Specific to human consciousness:
· In general: we need to move beyond assuming we can split our findings into a ‘real, objective, prime’ physical world and an ‘unreal, subjective, illusory’ mental world. This categorization is simply too crude and dismissive to possibly do justice to the totality of experiential reality.

· The ‘self’ is a central issue to consciousness. Just what do we mean by ‘self?’ In what senses can it be considered unified and/or divided? In what senses can it be considered ‘real’ or ‘illusory?’ Again, do these categories make sense with respect to a ‘self?’ We need to acknowledge the general paucity of current attempts to explain away the self, and re-examine deep and unsolved issues thereof.

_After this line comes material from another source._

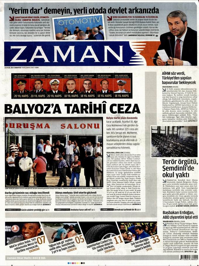 Gazete Manşetleri - 22 Eylül Cumartesi

· Mental causation & free will are two primary, and subtly distinct issues. The first seems to me empirically tractable, the second belongs more to metaphysics. The issue of freedom seems to me paramount to human life, but again fraught with unresolved and maybe unresolvable issues. Again, premature certainty that we cannot be free because ‘science’ believes in strong determinism seems unwarranted. But there’s more than science at stake in this issue.

· Qualia (i.e. James’ ‘raw experience.’) These are THE mystery of consciousness, and stubbornly persist despite the mental acrobatics of certain writers who seek to deny them or recategorize them as ‘illusions’. Again, calling something an illusion presupposes a fixed, discernible and derivable ‘reality.’

Disputed human abilities:
· Range far beyond so-called psychic phenomena. There is a whole spectrum of abilities, including creativity and the imagination, mind-body effects, mystical experience, etc. that seem to be beyond the ability of current theories to accommodate. Just what are the outer limits of human abilities? How far can we develop ourselves? Can we, in fact, set ANY concrete limits to our abilities with any confidence at all?